Простились. На лыжах пересекли поле и вышли в лес. Спустились к южному краю болота Гладкое. Путь лежал через Залесье. Обогнув деревню, взяли азимут — 60 градусов. Место трудное. Несколько раз пересекали контрольные лыжни, обойти их было невозможно.
К четырем утра достигли тракта Петрозаводск — Вознесенье. Светало. Решили залечь в кустарнике и переждать день. До берега оставалось не больше километра. Был сильный заморозок. Лежать без движения в снегу мучительно.
В десять вечера без лыж перешли тракт и вдруг у самого берега уткнулись в изгородь. Рядом была избушка, видно, НП — провода тянулись. Нырнули в бок и вскоре вышли на берег. Постояли, осмотрелись. Чувствовалось, что каждому страшно сделать первый шаг по бесконечному онежскому льду…
Где-то на пятом километре бега без сил свалились на лед. Кате Насоновой стало плохо. Всем хотелось пить. Принялись долбить лед автоматными очередями. Пробили. Но с берега ударил луч прожектора, в воздух взлетели ракеты. Бросились дальше, к советскому берегу…

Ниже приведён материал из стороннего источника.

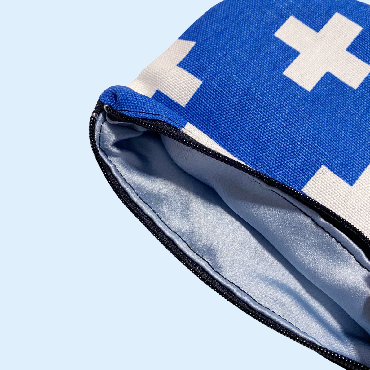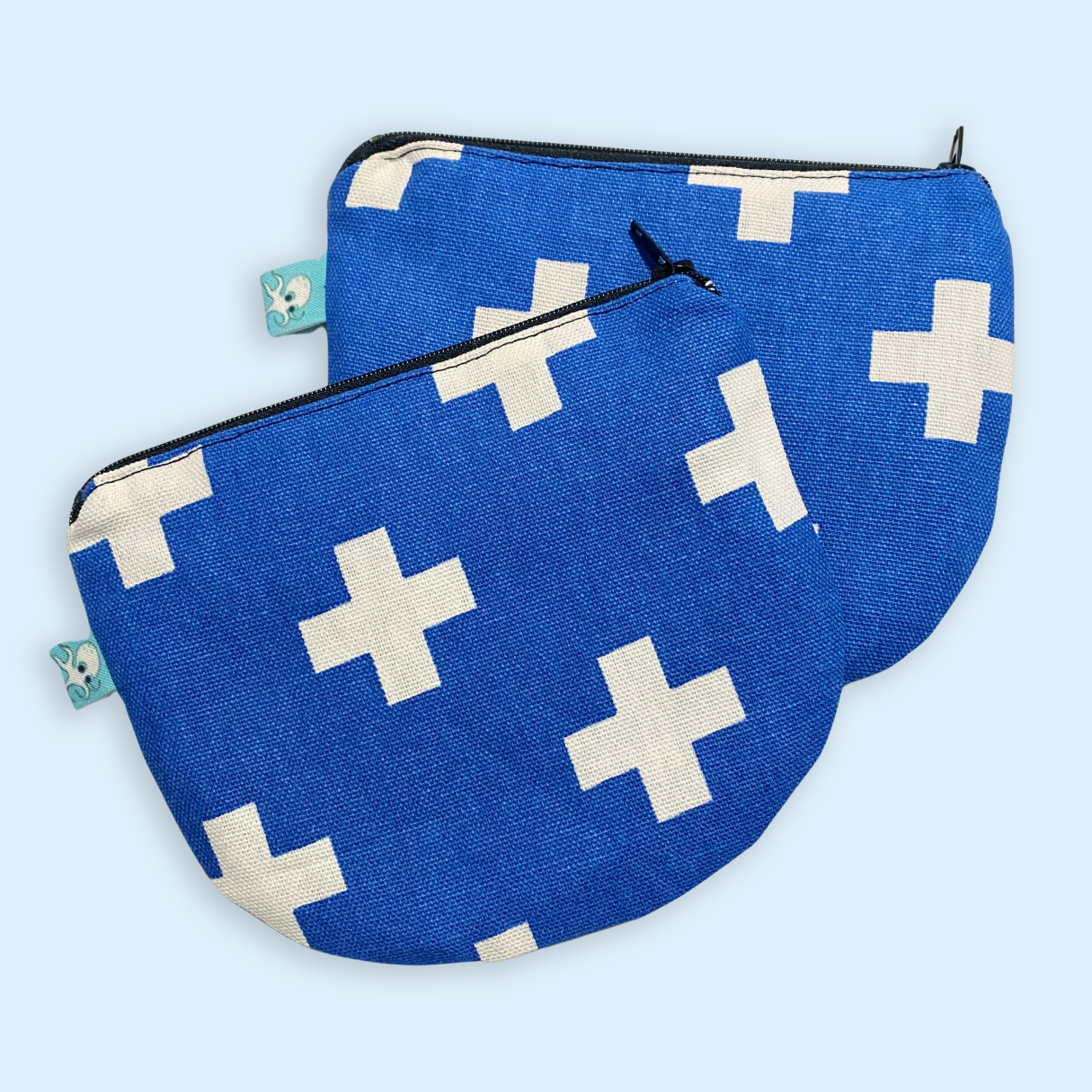 White plus signs on a bold blue background make a big statement on this small pouch. Great as a change purse, sewing kit or to hold other small necessities.
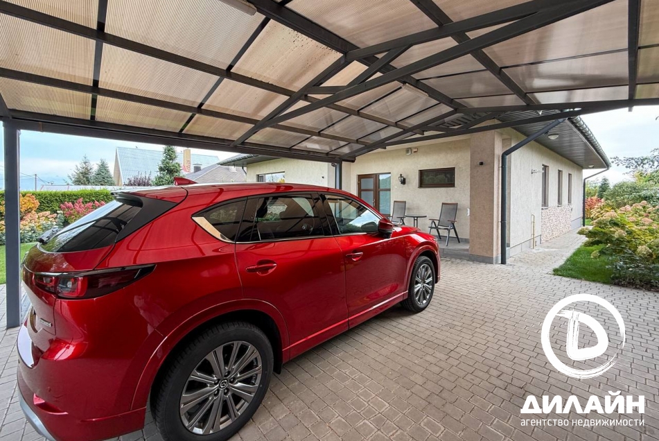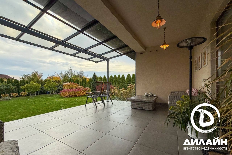 На території облаштована крита тераса та зона відпочинку, є навіс на два автомобілі.
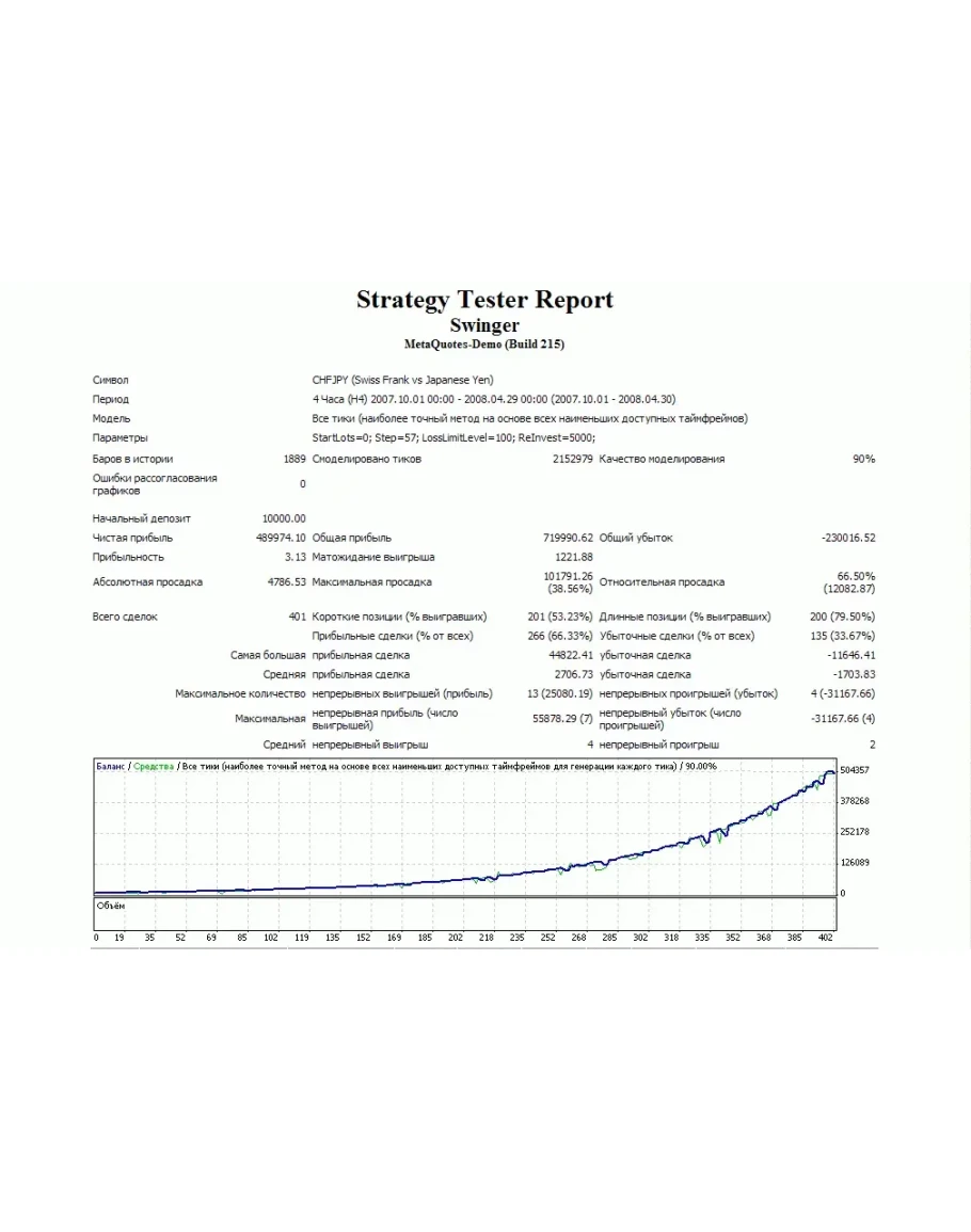 Несколько нетрадиционный подход к вопросу извлечения прибыли: если прежде мы пытлись с переменным успехом предсказать куда двинется цена в будущем, то советнику Swinger это совершенно не интересно - лишь бы двигалась. Всё равно куда. Советник работает на колебаниях рынка по принципу маятника. Собирает профит понемногу и на падениях и на росте цены. Казалось бы всё просто, но алгоритм достаточно сложный. Советник не использует никаких технических индикаторов, данных ФА и ТА, в основу его положена математическая статистика.

Шли всю ночь и весь день 3-го апреля. В шесть часов вечера увидели группу людей с собакой и двумя ручными пулеметами.
— Пароль?
— Егор идет к Ивану.
— Я — Василий. Идемте.
На заставе — баня, чай… Впервые за восемь месяцев мы спокойно спали — на своей советской земле, раздевшись.
24
Военная администрация Восточной Карелии.
25
Штаб военной полиции.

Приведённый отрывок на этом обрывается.